Analyzing the underlying pathological mechanisms of a fatal neurological disease in children
Molecular biologist Karsten Nalbach and his colleagues investigated the cellular basis of the rare pediatric neuropathy HSAN9. HSAN9 is a hereditary disease of the peripheral nervous system characterized by progressive paralysis, developmental delay, and autonomous and sensory defects. Sensory disorders include numbness, tingling, pain and a reduced sensation of pain in the arms and legs. Autonomic disorders can include difficulties in regulating blood pressure, heart rate, sweat production and digestive functions. The first signs of the disease appear in early childhood and affected patients usually die before the age of 20. Currently, there is no cure for the disease.
The cause of HSAN9 is a lack of a protein called TECPR2, which occurs naturally in our cells, due to a genetic defect.

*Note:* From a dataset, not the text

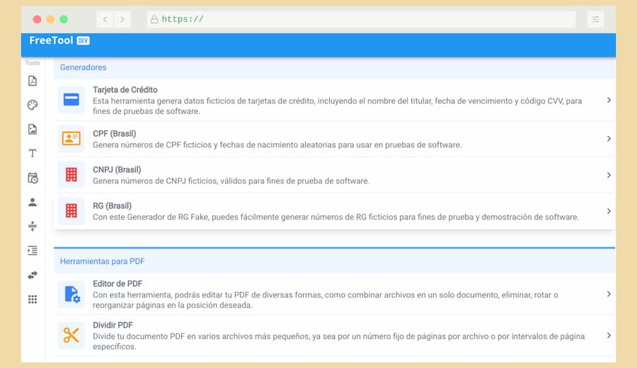FreeTool DEV es un sitio que ofrece una amplia y variada colección de herramientas online para desarrolladores y creativos, por supuesto también para cualquiera que pueda necesitarlas. Todas estas herramientas son de uso gratuito y se pueden usar sin tener que crear una cuenta o registrarse.
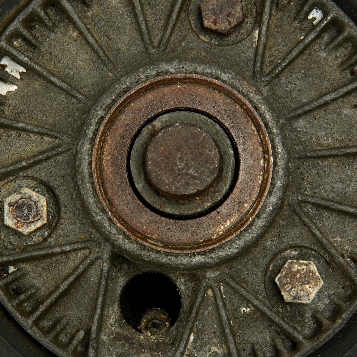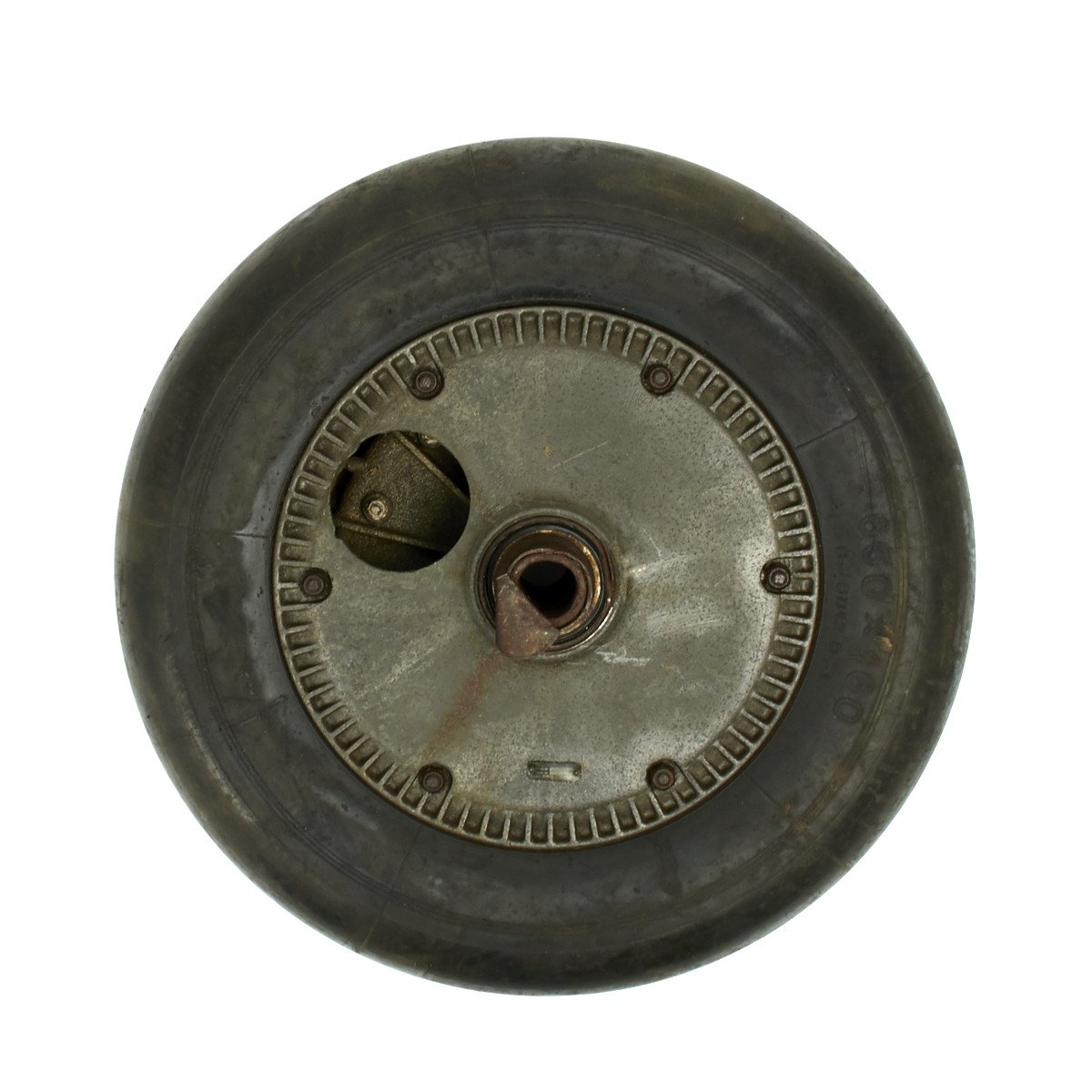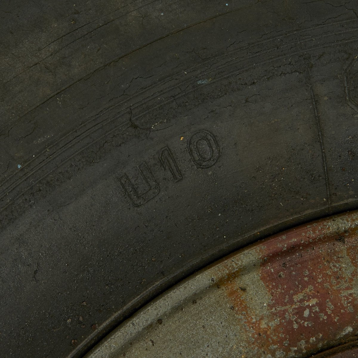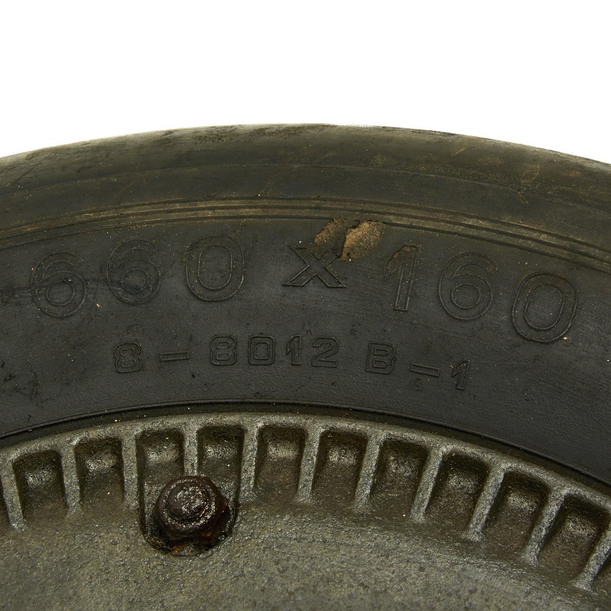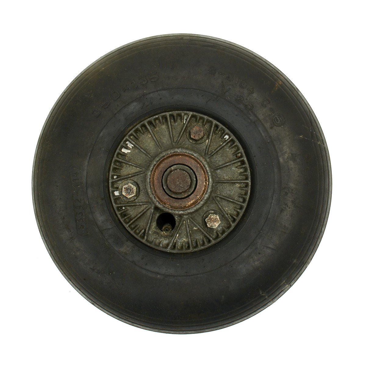 This is a set of 2 wheels, front and rear, complete with rims and original rubber tires. The large where has approximately a 25 diameter and the small has approximately a 13 diameter. They are both marked nicely as follows:

TECPR2 is important for cell metabolism, in particular the degradation of misfolded proteins or damaged cell components through a process known as autophagy. It also plays a role in protein transport and secretion. Since only a few research studies on TECPR2 have been conducted so far, its mechanistic involvement in both processes and resulting effects are largely unknown.
Nalbach and colleagues conducted research on this, especially concerning the transport of proteins, in the laboratory using cellular models. The scientists found that in cells with too little TECPR2, the export of proteins from the endoplasmic reticulum, an important part of the cell, was disrupted. This had an impact on other cell parts. In addition, the transport of several proteins with essential neuronal functions was affected.
The findings of Nalbach and his colleagues contribute to an understanding of how TECPR2 impacts the cellular protein balance. This will provide guidance for future studies to systematically investigate corresponding changes in neuronal systems and animal disease model and thus create the basis for the development of active substances for children that specifically target the pathomechanism.
The award was decided by a jury of international experts. The funding is provided to the DZNE Foundation by a donor in order to specifically support research at the Munich site. Within the next three years, the Best Paper Award of the DZNE Foundation will therefore continue to be presented once a year at the Munich site.
The next call for the Best Paper Award at the the Munich site will take place in fall 2024.